The impact of a large meteoroid can lead to the loss of atmosphere. If a collision is energetic enough, it is possible for ejecta, including atmospheric molecules, to reach escape velocity. Just one impact such as the Chicxulub event does not lead to a significant loss, but the terrestrial planets went through enough impacts when they were forming for this to matter.
This is a loss, not an escape; it is when molecules solidify out of the atmosphere onto the surface. This happens on Earth, when water vapor forms glacial ice or when carbon dioxide is sequestered in sediments. The dry ice caps on Mars are also an example of this process.

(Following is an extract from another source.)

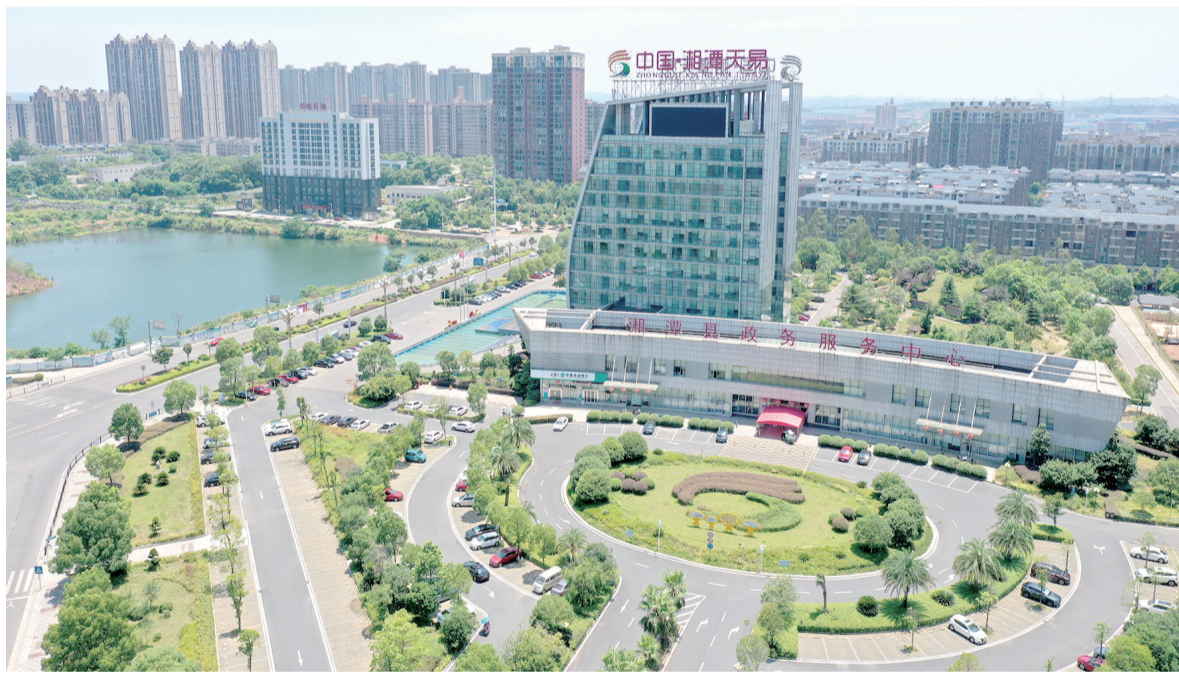
欣欣向荣的天易经开区局部。

“加强纪律建设没有完成时，全面从严治党永远在路上。”天易经开区主要负责人坚定表示，将继续保持战略定力，把严的基调、严的措施、严的氛围长期坚持下去，不断巩固拓展“以案三促”成果，以更加风清气正的政治生态，激发更加磅礴澎湃的发展动能，奋力书写园区高质量发展更加辉煌灿烂的新篇章。

One mechanism for sequestration is chemical; for example, most of the carbon dioxide of the Earth's original atmosphere has been chemically sequestered into carbonate rock. Very likely a similar process has occurred on Mars. Oxygen can be sequestered by oxidation of rocks; for example, by increasing the oxidation states of ferric rocks from Fe2+ to Fe3+. Gases can also be sequestered by adsorption, where fine particles in the regolith capture gas which adheres to the surface of particles.
Earth is too large to lose particles efficiently through Jeans Escape. The exosphere is the high altitude region where atmospheric density is sparse and Jeans Escape occurs. Jeans escape calculations assuming an exosphere temperature of 1,800 degrees show that to deplete O+ ions by a factor of e (2.78...) would take nearly a billion years. 1,800 degrees is higher than the actual observed exosphere temperature; at the actual average exosphere temperature, depletion of O+ ions would not occur even over a trillion years. Furthermore, most oxygen on Earth is bound as O2, which is too massive to escape Earth by Jeans Escape.
Earth’s magnetic field protects it from solar winds and prevents escape of ions, except along open field lines at the magnetic poles. The gravitational attraction of Earth’s mass prevents other non-thermal loss processes from appreciably depleting the atmosphere. Yet Earth’s atmosphere is two orders of magnitude less dense than that of Venus at the surface. Because of the temperature regime of Earth, CO2 and H2O are sequestered in the hydrosphere and lithosphere. H2O vapor is sequestered as liquid H2O in oceans, greatly decreasing the atmospheric density. With liquid water running over the surface of Earth, CO2 can be drawn down from the atmosphere and sequestered in sedimentary rocks. Some estimates indicate that nearly all carbon on Earth is contained in sedimentary rocks, with the atmospheric portion being approximately 1/250,000 of Earth’s CO2 reservoir. If both of the reservoirs were released to the atmosphere, Earth’s atmosphere would be denser than even Venus’s atmosphere. Therefore, the dominant “loss” mechanism of Earth’s atmosphere is not escape to space, but sequestration.